I have a sketch that is using TinyGPS to read from a NMEA GPS. As is typical when you have a serial sensor spewing lots of data, my sketch checks for and parses serial data at every iteration it can.
It seems that doing so prevents OTA updates from working. I'm in SEMI_AUTOMATIC mode, and during startup I actually run a dedicated function for 14 seconds to check in with the cloud and look for OTA updates.

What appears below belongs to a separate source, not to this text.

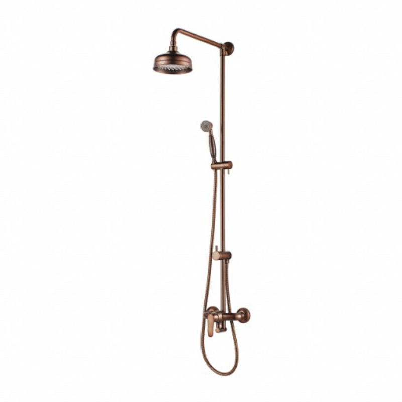 Omnires Art Deco Zestaw prysznicowy ścienny z deszczownicą Ø 155 mm i słuchawką prysznicową na drążku Miedź antyczna AD5144ORB

This snippet, called during the setup() stage, works fine. It waits for 14 seconds before starting loop() during which an OTA flash will interrupt it and succeed:
void cloudCheck() {
Particle.connect();
for (uint8_t i=0; i<70; i++) {
analogWrite(LED, 1023);
delay(100);
analogWrite(LED, 0);
delay(100);
if (Particle.connected() == false) Particle.connect();
}
}
The below snippet merely adds serial buffer checking and GPS parsing with the TinyGPS library during the delay() function. (I took serDelay() from the tinyGPS example, and also use it elsewhere in my sketch.) However, in this version - OTA always fails. The LED blinks at the same rate, and the device shows up in the Particle.io dashboard as connected, but it never accepts an OTA request. It seems like the Serial I/O is blocking/interrupting the OTA ability.
void parseGPS() {
while(Serial.available())
gps.encode(Serial.read());
}
void serDelay(unsigned long ms) {
unsigned long start = millis();
do {
parseGPS();
} while (millis() - start < ms);
}
void cloudCheck() {
Particle.connect();
for (uint8_t i=0; i<70; i++) {
analogWrite(LED, 1023);
serDelay(100);
analogWrite(LED, 0);
serDelay(100);
if (Particle.connected() == false) Particle.connect();
}
}
It's not a big deal to me, I just reverted to the top version of the startup function. (I abandon the cloud after setup() anyway, hence the initial delay to check for OTA.) But I can see where someone who was doing primarily serial I/O in the main loop() body might get into trouble with this, if that is indeed what's happening. Is this a known/documented limitation?